At block 210, the first group of queue pairs is released in response to the first data existing in the to-be-transmitted queue. Once it is detected that the first data exists in the to-be-transmitted queue, it is known that the first data has been successfully submitted to the first RDMA device. In this case, a release operation can be triggered to release the previously locked first group of queue pairs back to a queue pair resource pool, so that the thread can process other tasks, and other threads can reapply for and use these queue pairs.
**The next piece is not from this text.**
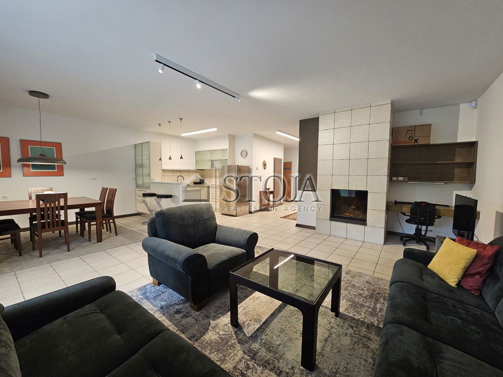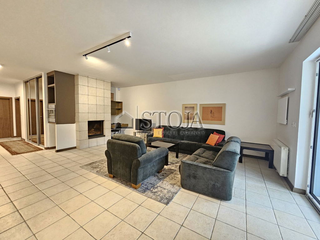 • odprt bivalno-kuhinjski prostor s kaminom in izhodom na balkon, odprto teraso ter atrij,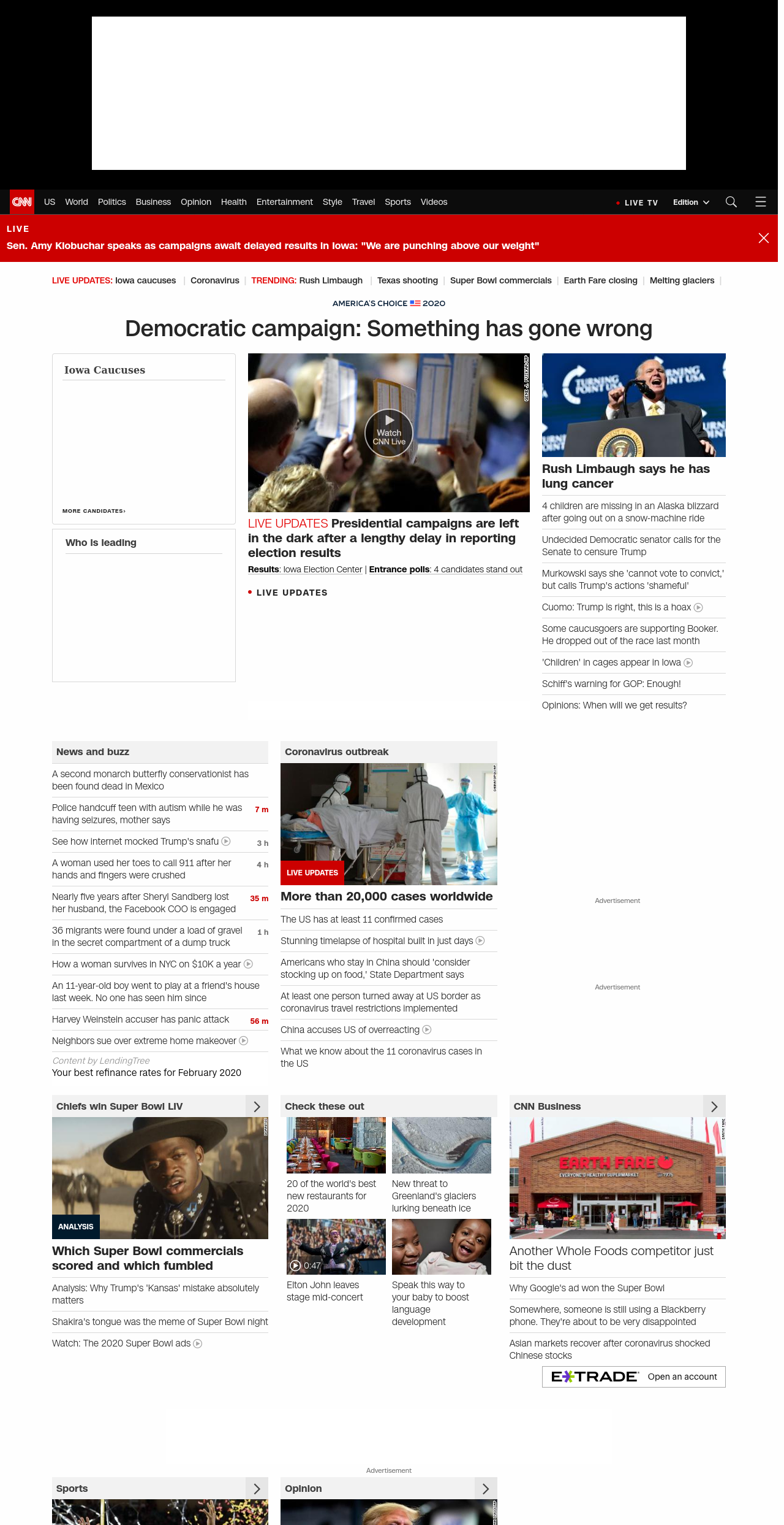 ” , title: “CNN – Breaking News, Latest News and Videos” , siblings: {“articleList”:[{“uri”:”/2020/02/03/politics/election-day-in-iowa/index.html”,”headline”:”2020 race opens as Iowa Democrats flock to caucuses eyeing Trump”,”thumbnail”:”//cdn.cnn.com/cnnnext/dam/assets/200203110846-iowa-caucus-small-11.jpg”,”duration”:””,”description”:”Thousands of Iowans u003ca href=”https://www.cnn.com/politics/live-news/iowa-caucuses-live-results-coverage-2020/index.html” target=”_blank”>are crammed into school gyms, living rooms, bars and public buildingsu003c/a> as their state’s presidential caucuses launched a marathon Democratic u003ca href=”http://www.cnn.com/2020/02/03/politics/iowa-caucuses-guide/index.html” target=”_blank”>showdown to find a candidate to do battleu003c/a> with President Donald Trump in November.”,”layout”:””

In the embodiment, in a scenario of asynchronous data transmission, the first group of RDMA devices is allocated to the thread requesting data transmission and the first group of queue pairs is locked, so that the thread for asynchronous data transmission can be switched to another queue pair, without an unlocking operation and a locking operation, to submit the data to the to-be-transmitted queue. Therefore, the method disclosed herein can be used to greatly reduce the locking frequency and save computing resources.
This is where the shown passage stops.